Posted By: haemphyst
Date Posted: April 24, 2008 at 10:07 AM
DYohn is right, completely, except that iPods do not recognize .FLAC at all. They will ONLY recognize Apple Lossless (AAC lossless or .m4a) files.

If you use iTunes, you will ONLY get "near CD sound" (and BARELY that). The reason for this is because iTunes will only rip in compressed formats, and I believe that it will only rip .mp3 as high as 192K... GAH!!!! iTunes is also a bloated, resource-hogging, default-overtaking, security-hole-riddled POS. I highly recommend AGAINST it. And that is a recommendation from the IT guy in me, forget how I feel about it personally! Additionally, you MUST CHOOSE BETWEEN ONE MANAGER OR THE OTHER! iTunes will become the default on any computer you install it on, and will delete any files you have already transferred to your device.. iTunes SUCKS!

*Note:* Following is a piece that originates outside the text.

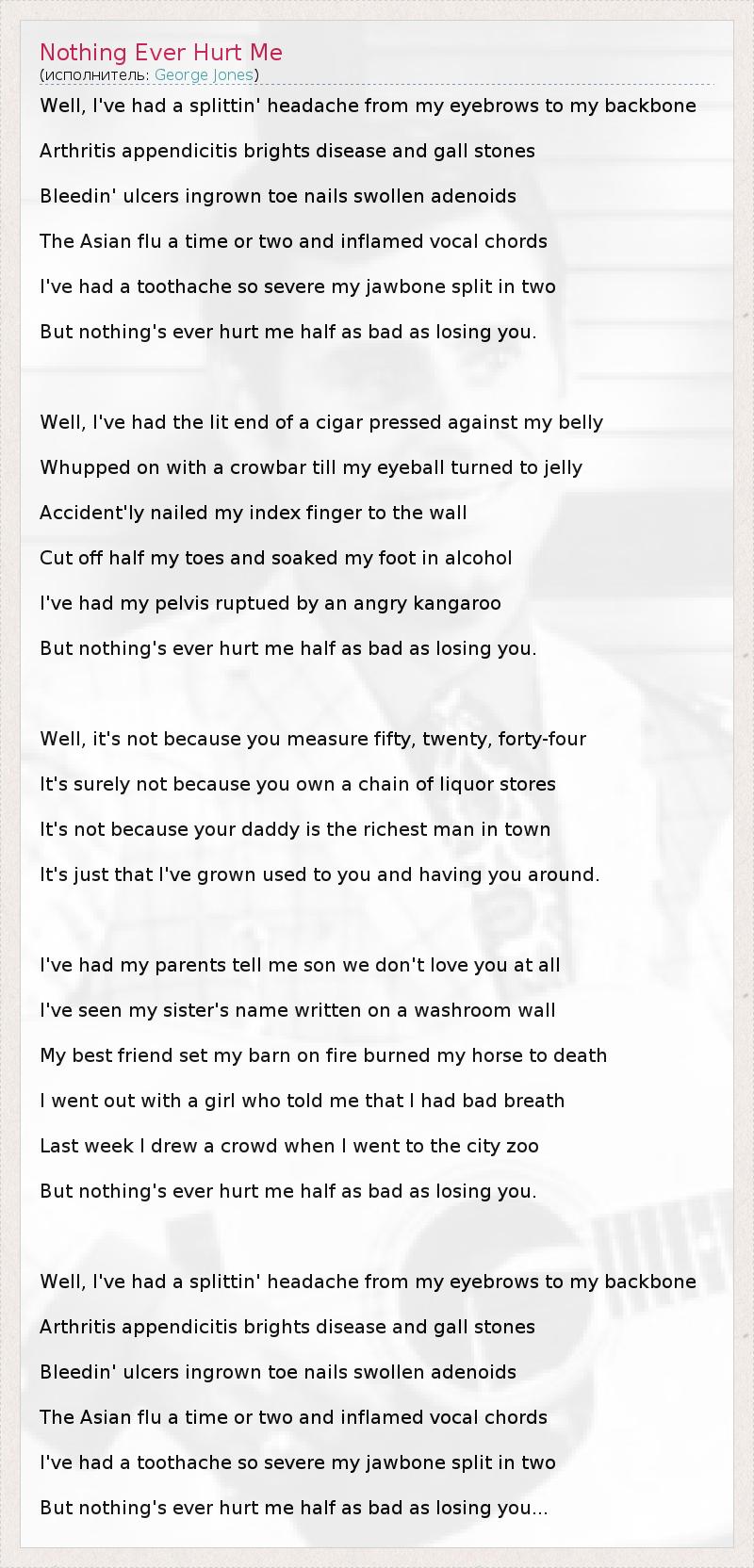 Well, I've had a splittin' headache from my eyebrows to my backbone Arthritis appendicitis brights disease and gall stones Bleedin' ulcers ingrown toe nails swollen adenoids The Asian flu a time or two and inflamed vocal chords I've had a toothache so severe my jawbone split in two But nothing's ever hurt me half as bad as losing you. Well, I've had the lit end of a cigar pressed against my belly Whupped on with a crowbar till my eyeball turned to jelly Accident'ly nailed my index finger to the wall Cut off half my toes and soaked my foot in alcohol I've had my pelvis ruptued by an angry kangaroo But nothing's ever hurt me half as bad as losing you. Well, it's not because you measure fifty, twenty, forty-four It's surely not because you own a chain of liquor stores It's not because your daddy is the richest man in town It's just that I've grown used to you and having you around. I've had my parents tell me son we don't love you at all I've seen my sister's name written on a washroom wall My best friend set my barn on fire burned my horse to death I went out with a girl who told me that I had bad breath Last week I drew a crowd when I went to the city zoo But nothing's ever hurt me half as bad as losing you. Well, I've had a splittin' headache from my eyebrows to my backbone Arthritis appendicitis brights disease and gall stones Bleedin' ulcers ingrown toe nails swollen adenoids The Asian flu a time or two and inflamed vocal chords I've had a toothache so severe my jawbone split in two But nothing's ever hurt me half as bad as losing you...

If getting the Classic 160, (and ripping lossless) as I did, you'll be able to still get THOUSANDS of songs on it. I use all lossless ripping, (the largest footprint) and I have over 2500 songs right now, and I have used just over 32G. If you want true CD quality, you will have to use lossless formats, but this will relegate you to using YOUR deck, and no others (unless they also support lossless playback, like the Alpine W205).

How do I get my music, then? I use dBPoweramp with the .m4a lossless CODEC for ripping, and I use MediaMonkey for controlling the device. Both free, and FANTASTIC pieces of software, I highly recommend using them! (And donating, as I did, to help these guys and thank them for their work.)

iTunes will only allow you to copy music TO your iPod, once there, you cannot remove it, you cannot connect your iPod to another computer, copy it, burn it to CD... Nothing. iTunes will also only rip to lower bit-rates. If you BUY your music from iTunes (God forbid you BUY inferior format music!! And I assure you AAC is inferior - it is a compressed format, and the DEFAULT format from iTunes!) you will get a one way transfer, and once in place on your device, I hope you REALLY like it there, because you can do two things with it from there... Listen to it, and delete it. If you want true CD quality, you need to rip "lossless". MediaMonkey allows two way data transfer, on-the-fly bulk file tagging, a really nice player interface, small (resource-wise), and I have found it to be quite stable.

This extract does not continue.